A type of CBT called Adaptive training for memory and attention Gabel says it’s particularly effective and something patients can easily practice at home.
sleepy: Lack of sleep “amplifies the physiological changes that occur in people with chemical brains,” says Zhou. If you’re having trouble sleeping at night, talk to your doctor about trying CBT. The best way to deal with insomnia. Techniques, according to Zhou, include adjusting your bedtime, making your bedroom a more restful space, and limiting your time in bed to sleep only, watching TV, reading or playing games on your smartphone. It is said that it may include “sleep restriction” that does not occur.
Mindfulness: Meditation, deep breathing and yoga may improve dementia. small study of breast cancer patients. “I don’t know why this helps, whether it’s the mind-body connection or whether these things are good for us in general,” Zhou said.

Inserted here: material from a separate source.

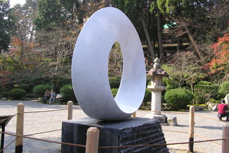 ゆっくり石山寺に参って、1号線を西に進んで京都方面に向かう。 途中琵琶湖側への右折に失敗しUターンしたが、11時頃に到着。こちらも紅葉が見ごろであった。 金堂の前になぜかメビウスの輪のオブジェがある、どうも場所を得てないようだ。折角の国宝の正面景観が損なわれてしまう。

Psychostimulants: Although there is no clinical evidence yet for its efficacy, drugs Adderall and others may help. “People with significant cognitive fatigue and attention problems can benefit greatly from these drugs,” Gabel said.

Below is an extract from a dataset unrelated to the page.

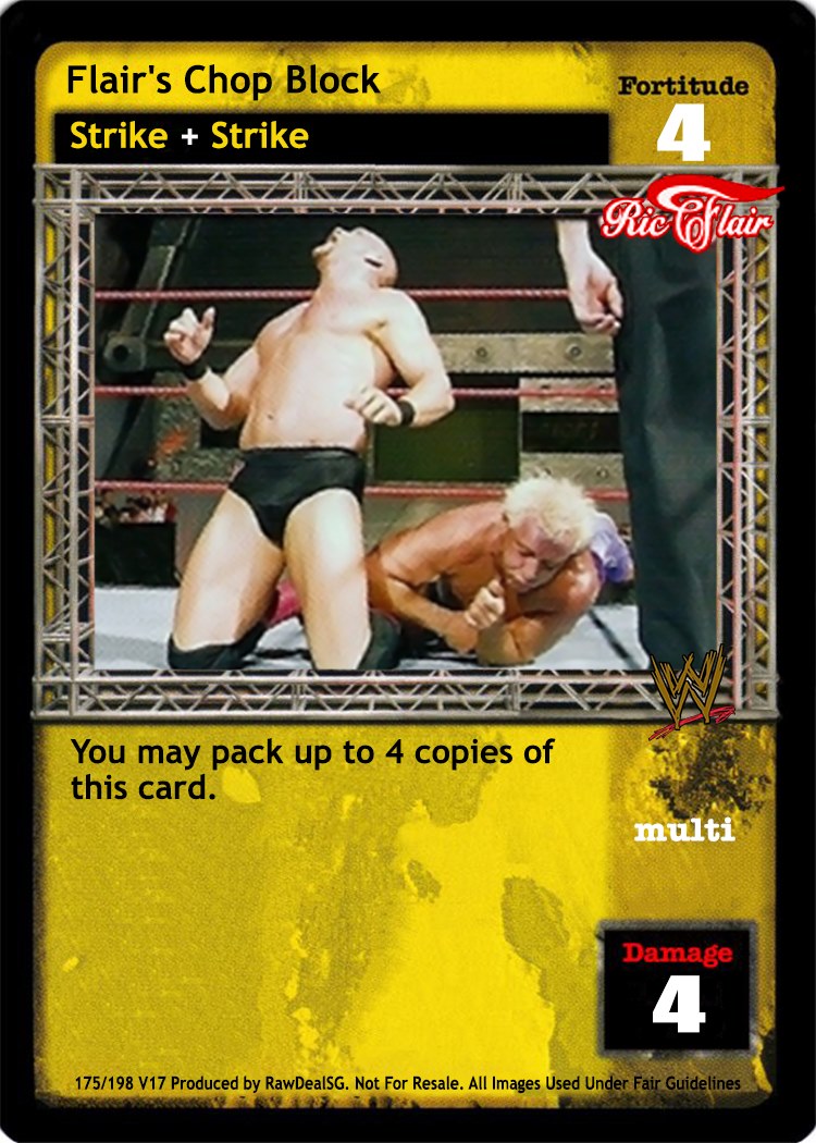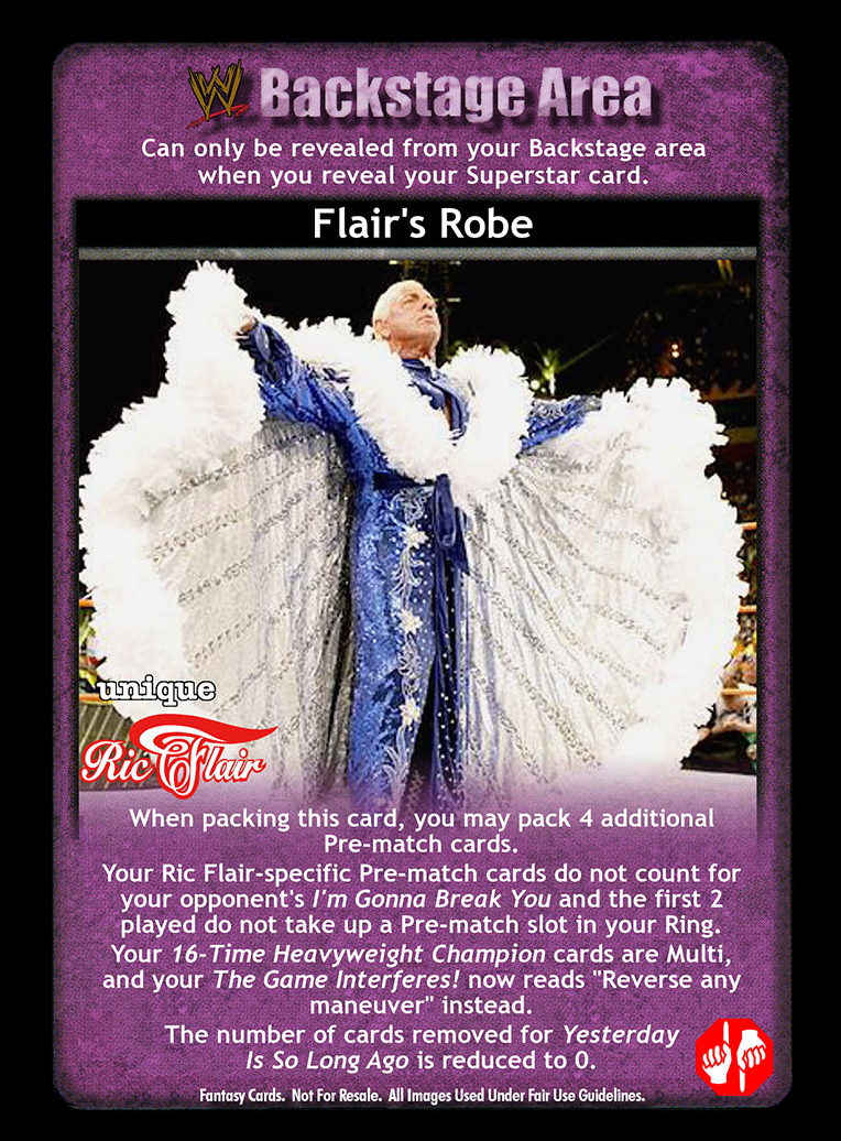 When packing this card, you may pack 4 additional Pre-match cards, your Ric Flair-specific Pre-match cards do not count for your opponent's I'm Gonna Break You and the first 2 played do not take up a Pre-match slot in your Ring. Your 16-Time Heavyweight Champion cards are Multi, The Game Interferes! now reads 'Reverse any maneuver' instead, and Revolution The Founder of the Four Horsemen adds to your Ability instead of replacing it. The number of cards removed for Yesterday Is So Long Ago is reduced to 0.

Fear of cognitive impairment may cause cancer patients to stop treatment, but it shouldn’t, Gabel said.
“All of this may sound very frightening to people, and I’m afraid people will refuse treatment that could be curative,” she says. “There are cancer survival rates today that were unthinkable 20 years ago.
No FDA-approved solution yet
There are no Food and Drug Administration-approved drugs available for chemobrain, but Mandelblat predicts it won’t be long before doctors can offer patients a drug solution.
“We’re making some progress and hopefully we’ll see the repurposing of already approved drugs into chemobrains,” Mandelblat said. the study It shows promise in mice.
something like that study Cisplatin, a widely used chemotherapy drug, Sphingolipid Daniela Salvemini, author of the study and director of the Institute for Translational Neuroscience, St. Louis University School of Medicine, said that metabolism in the hippocampus (where memories are stored) in the mouse brain plays an important role in the chemical brain. says there is.
Salvemini’s team then administered fingolimod and Zeposia, already FDA-approved drugs for multiple sclerosis, and found that they could block chemical brain development in mice.
Clinical trials in humans are needed, Salvemini said. “This could be a revolutionary approach to treating cancer patients and cancer survivors. It doesn’t give much, but it has a huge impact on the lives of those affected.”